* Requirement: Output only the lines below from the one holding "モルタル作り。砂とセメントを" down to the one holding "千代田進次朗さんの天運は13画の5点!", both end lines included and every picture dropped.

* Provided data:
* * * *

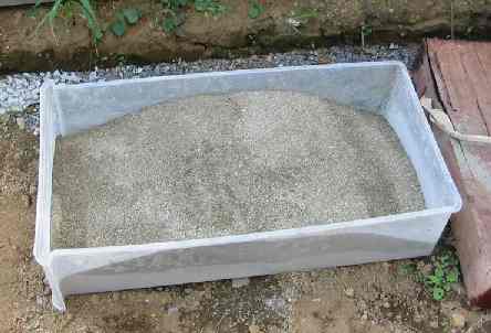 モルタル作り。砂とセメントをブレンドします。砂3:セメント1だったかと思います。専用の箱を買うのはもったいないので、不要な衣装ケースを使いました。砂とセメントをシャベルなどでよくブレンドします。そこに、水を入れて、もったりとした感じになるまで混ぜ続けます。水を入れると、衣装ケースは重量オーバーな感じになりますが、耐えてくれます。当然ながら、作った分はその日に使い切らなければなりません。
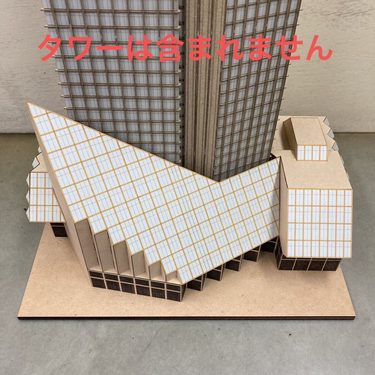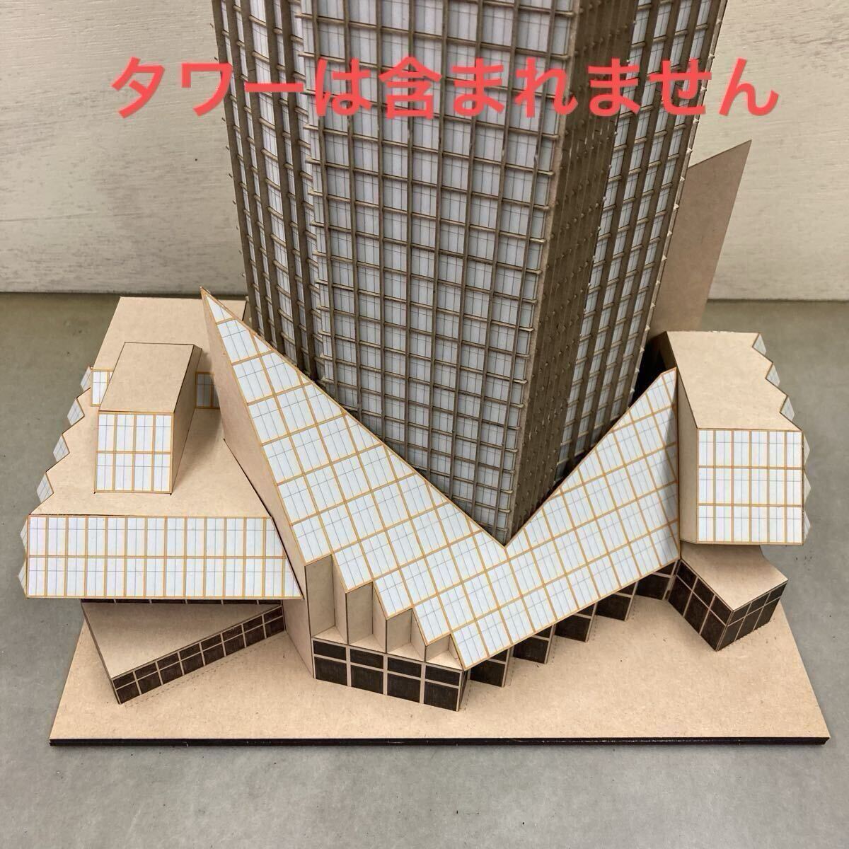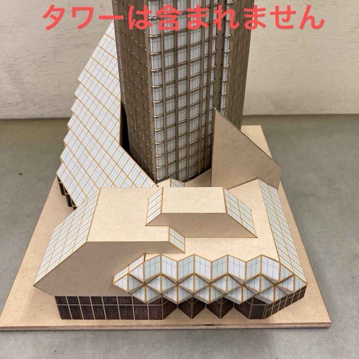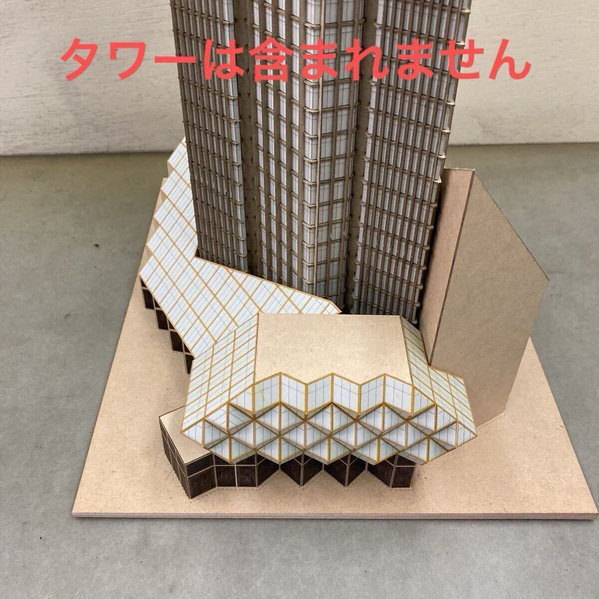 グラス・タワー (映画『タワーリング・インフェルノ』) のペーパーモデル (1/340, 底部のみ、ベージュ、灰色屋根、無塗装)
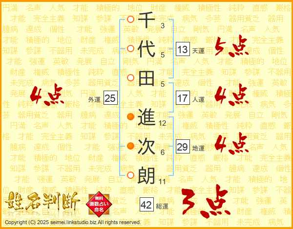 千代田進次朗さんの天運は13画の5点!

* * * *

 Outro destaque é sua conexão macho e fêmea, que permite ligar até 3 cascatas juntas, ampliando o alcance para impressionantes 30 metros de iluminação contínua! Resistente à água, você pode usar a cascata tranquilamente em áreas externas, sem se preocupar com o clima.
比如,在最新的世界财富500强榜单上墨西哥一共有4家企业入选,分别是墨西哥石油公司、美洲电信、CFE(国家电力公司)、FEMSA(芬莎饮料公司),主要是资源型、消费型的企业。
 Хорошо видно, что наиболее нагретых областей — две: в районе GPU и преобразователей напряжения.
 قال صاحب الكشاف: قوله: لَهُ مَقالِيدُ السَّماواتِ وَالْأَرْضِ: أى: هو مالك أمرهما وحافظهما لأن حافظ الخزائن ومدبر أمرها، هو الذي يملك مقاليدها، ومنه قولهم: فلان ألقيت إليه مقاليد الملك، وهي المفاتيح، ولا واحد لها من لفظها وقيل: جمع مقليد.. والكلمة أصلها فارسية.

* * * *

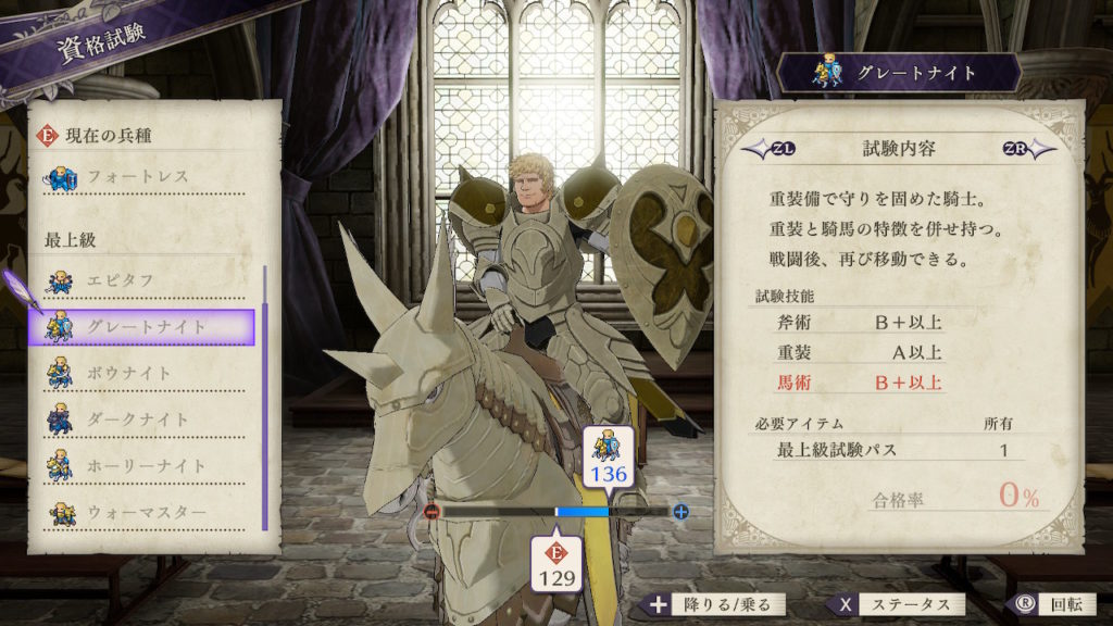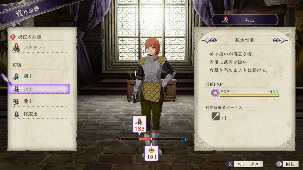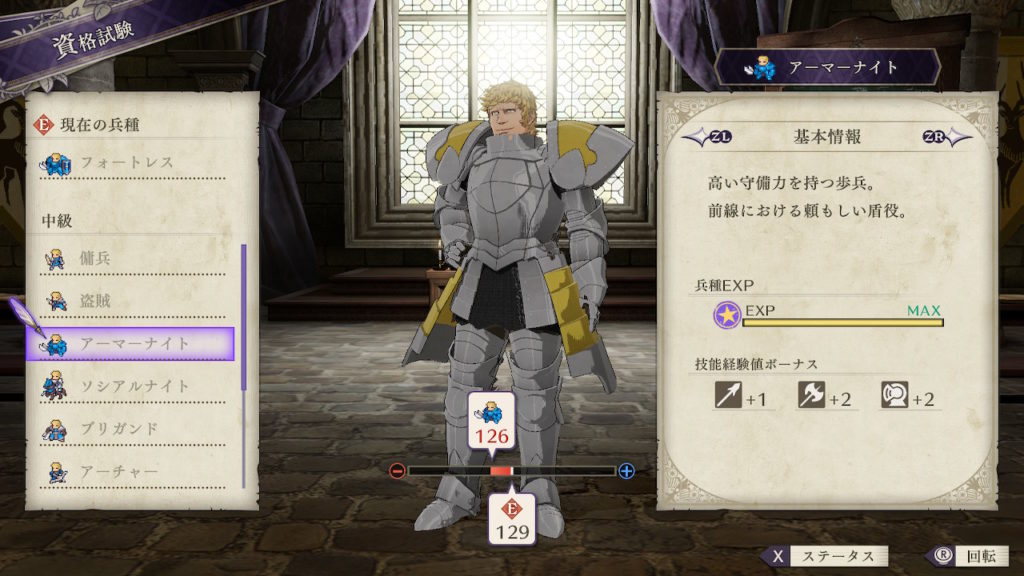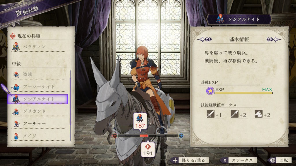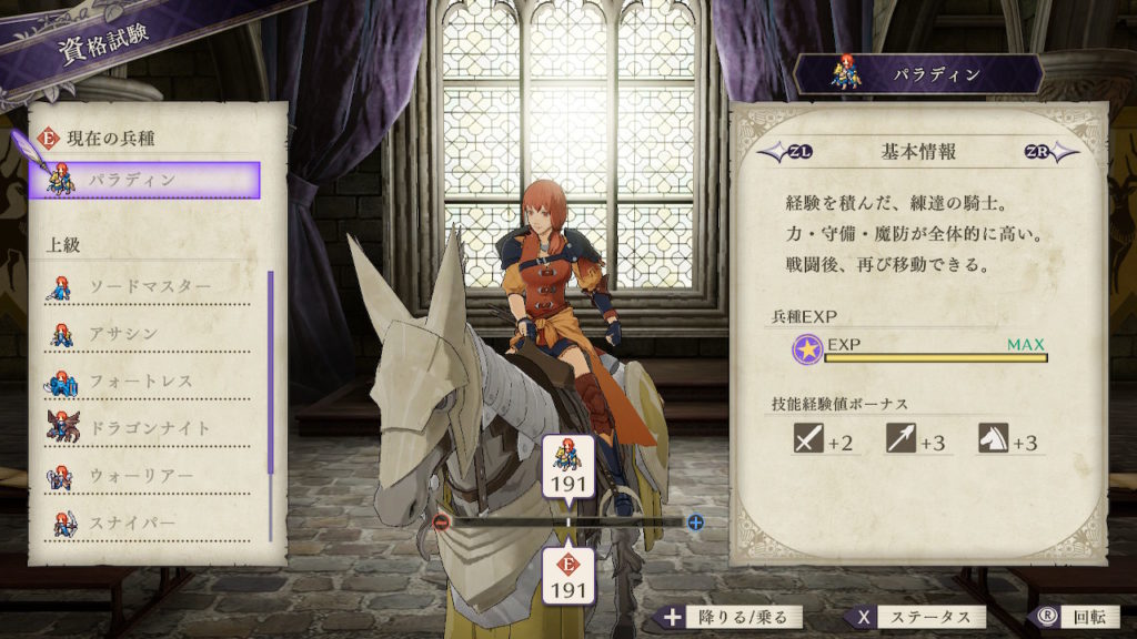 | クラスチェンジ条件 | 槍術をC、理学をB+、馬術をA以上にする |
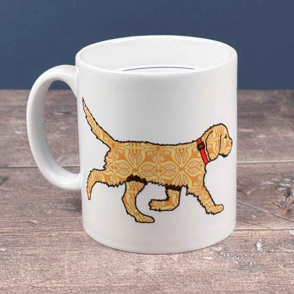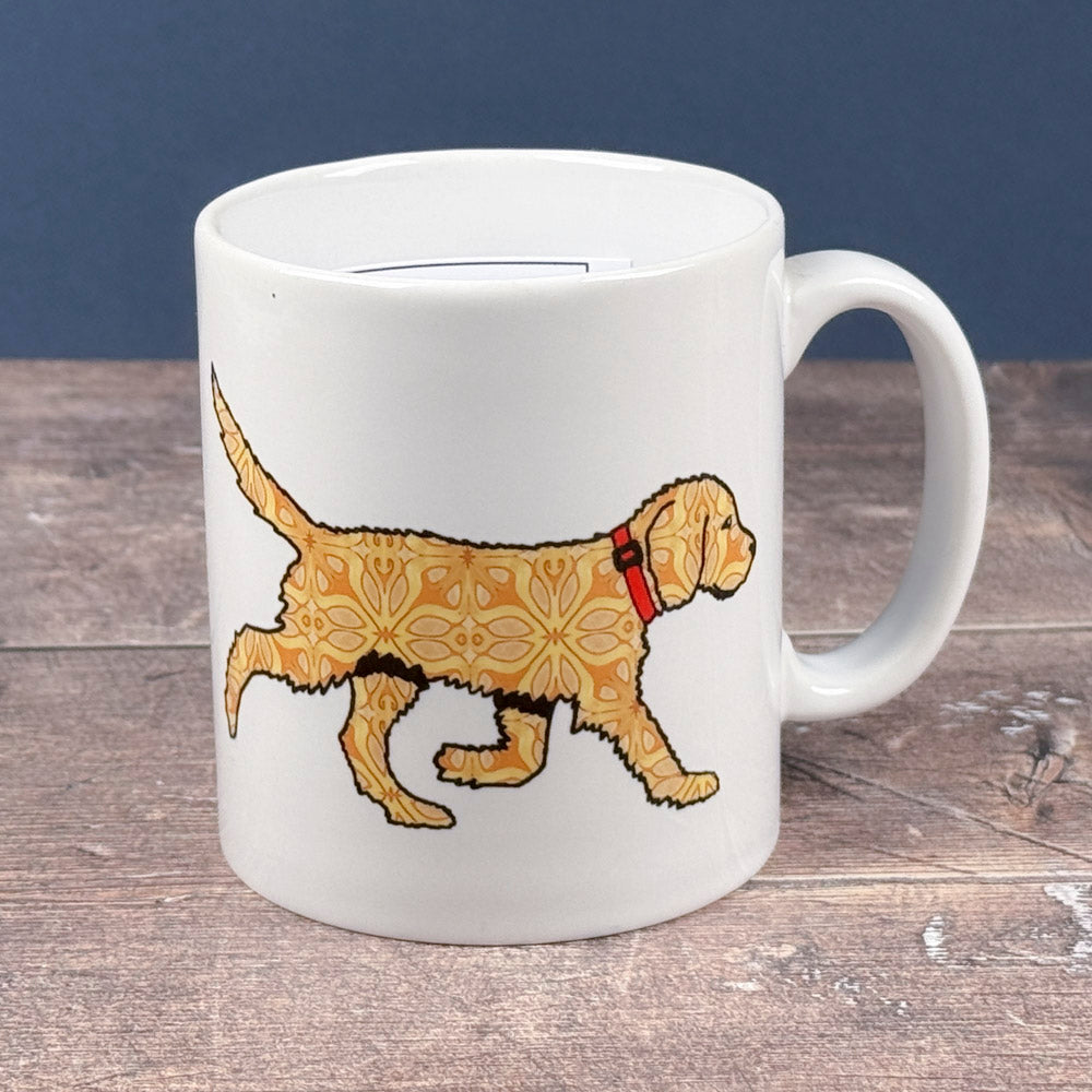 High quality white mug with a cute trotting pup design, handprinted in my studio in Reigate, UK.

* * * *

* Response area:
 モルタル作り。砂とセメントをブレンドします。砂3:セメント1だったかと思います。専用の箱を買うのはもったいないので、不要な衣装ケースを使いました。砂とセメントをシャベルなどでよくブレンドします。そこに、水を入れて、もったりとした感じになるまで混ぜ続けます。水を入れると、衣装ケースは重量オーバーな感じになりますが、耐えてくれます。当然ながら、作った分はその日に使い切らなければなりません。
 グラス・タワー (映画『タワーリング・インフェルノ』) のペーパーモデル (1/340, 底部のみ、ベージュ、灰色屋根、無塗装)
 千代田進次朗さんの天運は13画の5点!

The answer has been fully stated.